Wes Riddle’s Horse Sense #440
Destruction of American Middle Class Possible Within a Decade
A new book by Tom Pauken, Bringing America Home (Rockford, Illinois: Chronicles Press, 2010) covers many varied topics ranging from the economy and foreign policy, to politics and culture. As the book’s sub-title, How America Lost Her Way and How We Can Find Our Way Back suggests, it offers a veritable platform for guiding these United States back safely as it were, through crisis and challenges, by implementing a series of common sense and traditional conservative policies. One chapter in particular makes the book entirely worthwhile, even if one reads nothing else. Namely, Chapter 5 details the ongoing destruction of the American Middle Class through both poorly devised economic policies and outright failure of political leadership in Washington.
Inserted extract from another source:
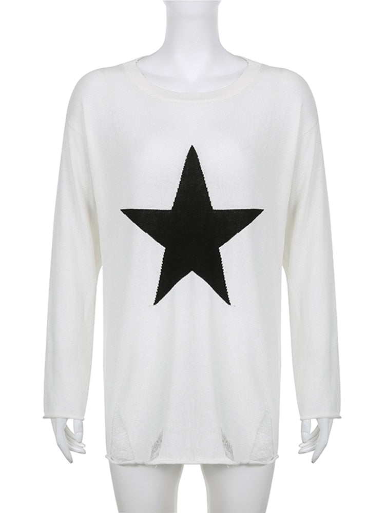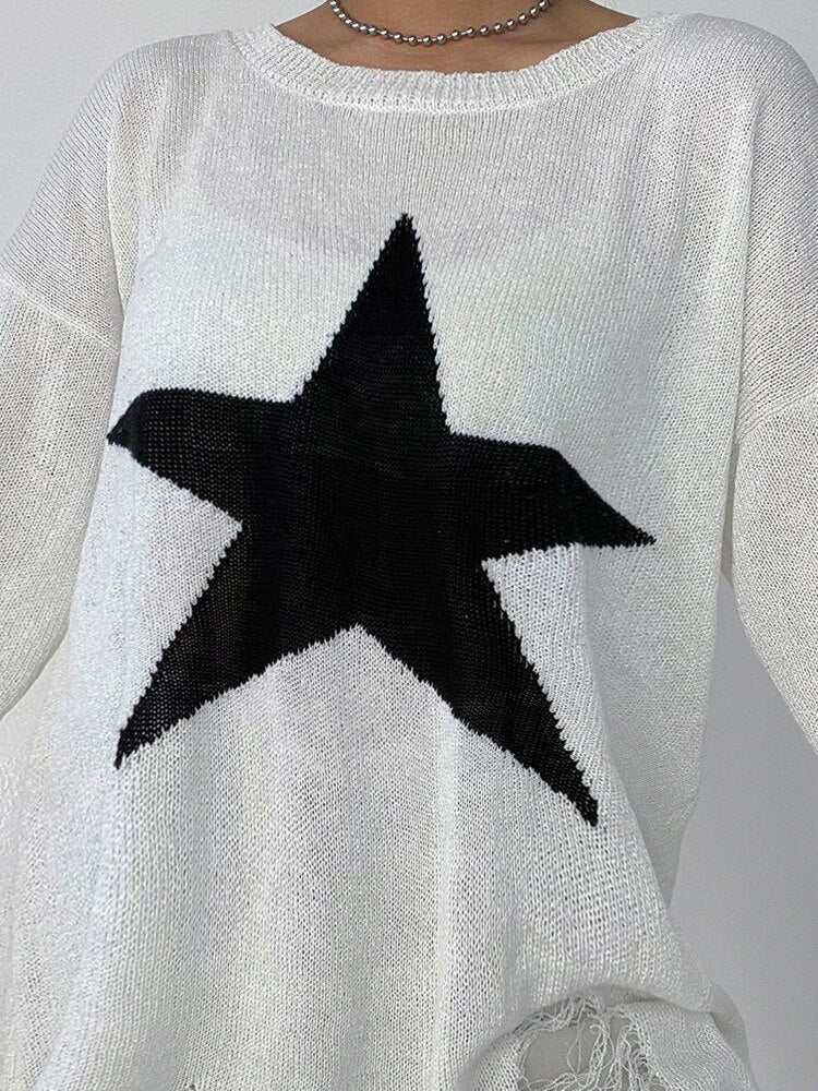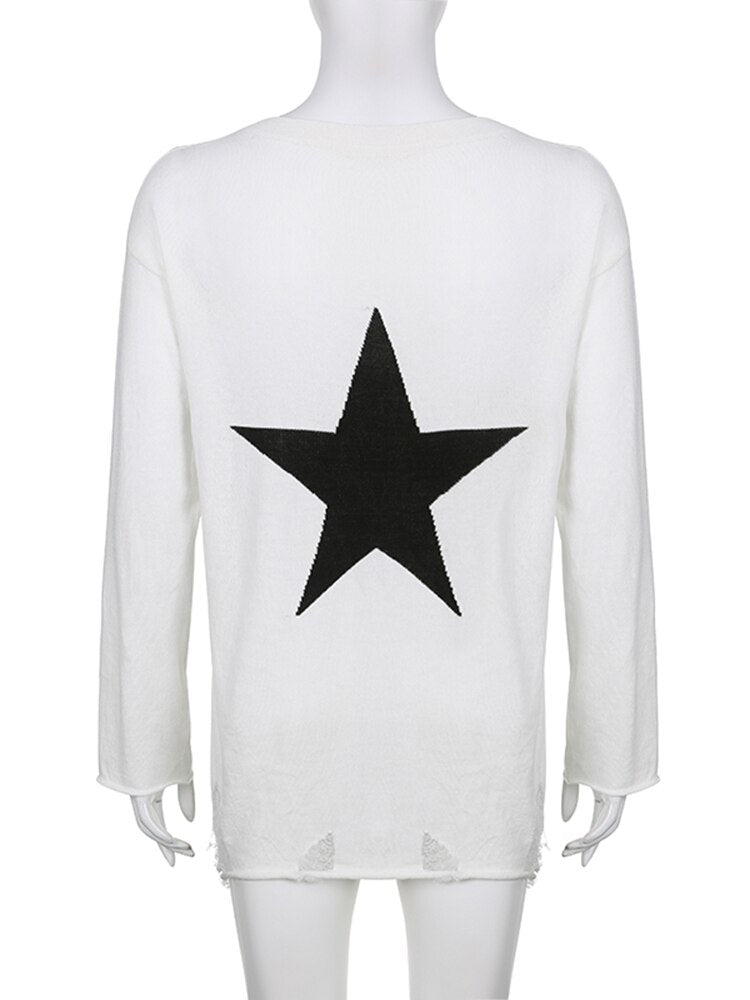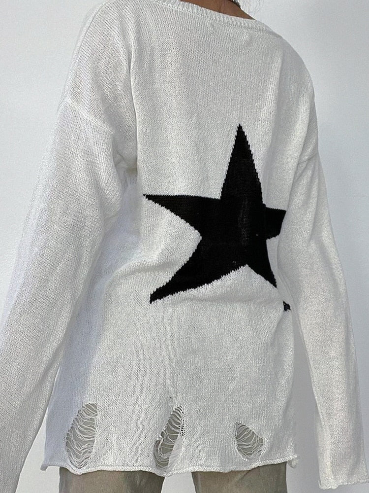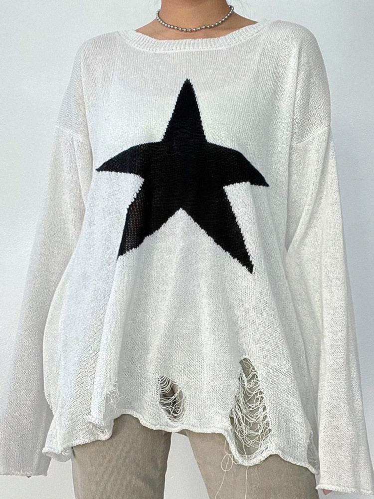 Distressed Oversized Star Sweater

Unlike many on the Republican side, Pauken is not a mouthpiece for big business or the corporate elite. His sentiments are with populist Main Street, admitting what many liberals have sounded from the hills for quite some time, that the rich are indeed getting richer while the Middle Class grows poor. His solution is not a resort to socialism or to government takeover, however, but a return to free market capitalism and to limited constitutional government run in the interest of Americans. Pauken explains that what has caused existential inequality, as well as the hardship on the Middle Class is not free market capitalism but a corrupted form or crony capitalism. It is the self-serving alliance between Big Government and Big Business, and between the corresponding drives for both power and profit.
Pauken is highly critical of the lack of business ethics and humanity evinced by modern American business practice. Some in business at the highest levels of management raid their own corporate assets for personal gain and pass off the wreckage to others. Similar behavior gave rise to the recent housing bubble that burst and to instability in what amounts to a “bubble economy,” with originators of loans and mortgages deliberately and sometimes deceitfully evading responsibility for risky financial behavior. The business culture in this respect mirrors a decline in standards of morality throughout the broader culture. For all the obscene bonuses and exploitive practices on Wall Street, however, these do not explain why manufacturing jobs have left or why real income for the Middle Class has shrunk.
According to Pauken, “A central reason for…[the] huge trade deficits and the shift of economic power from Main Street to Wall Street is a business tax system that gives private-equity moguls incentives to take such risks with the companies they control.” They have an advantage over U.S. company owners who might otherwise run businesses in a conservative fashion. Simply stated, business debt is encouraged because it can be written off on taxes, whereas the 35% corporate tax rate discourages business savings and investment. Except for the U.S., every major trading country in the world provides tax advantages for domestic manufacturers. Information technology companies are outsourcing now at an alarming rate for a similar reason.
Moreover, U.S. goods shipped overseas carry an average added 18% tax burden compared with most foreign competitors, and this keeps trade deficits widening every year. According to Warren Buffet, the trade deficit is possibly of greater worry than the budget deficit or consumer debt burden near-term, because we have to borrow from other countries to finance it. The annual account deficit is now more than $800 billion. The politically chic idea that the U.S. would somehow sustain its quality of life for the Middle Class while giving up its manufacturing base and transforming into the world’s premier ‘knowledge-based economy’ was a sheer fantasy. The competitive global environment and rampant trend towards American outsourcing has gone on unabated and continues, while elective politicians mouth empty promises and defend a principle of “free trade” amidst the uneven playing field and structural disadvantages created by America’s own stupid business tax system.
Americans are clinging to their Middle Class status, living paycheck to paycheck, mired in consumer debt and finding it difficult to find good jobs or to work the requisite number of hours needed to pay their bills. Meanwhile Pauken says, “We are passing out money we do not have through a Keynesian stimulus package designed to revive the economy.” Moody’s has declared the United States runs the risk of losing its triple-A credit rating within a decade if the federal government does not bring soaring levels of spending down. Imagine what this will mean if the U.S. has to finance its debt at dramatically higher interest rates owing to the loss of most favored bond rating status!
In part it was this sobering recognition, which led Jim Bunning (R-KY) to bravely though ineffectually remind his colleagues in the Senate that even unemployment benefits have to be paid for. Lawmakers couldn’t find the $10 billion to do so. The annual budget deficit is running $1.35 trillion this year, and the national debt topped $12 trillion and is set to double in less than ten years—and when it does the U.S. will lose its triple-A credit rating. One economist remarked that America today resembles less the developed economic superpower we have come to think of, and more like something of an emerging market having both a weak currency and huge deficits. America is headed for the perfect economic storm, as well as destruction of its vaunted Middle Class inside the decade unless we reverse track resolutely and swiftly.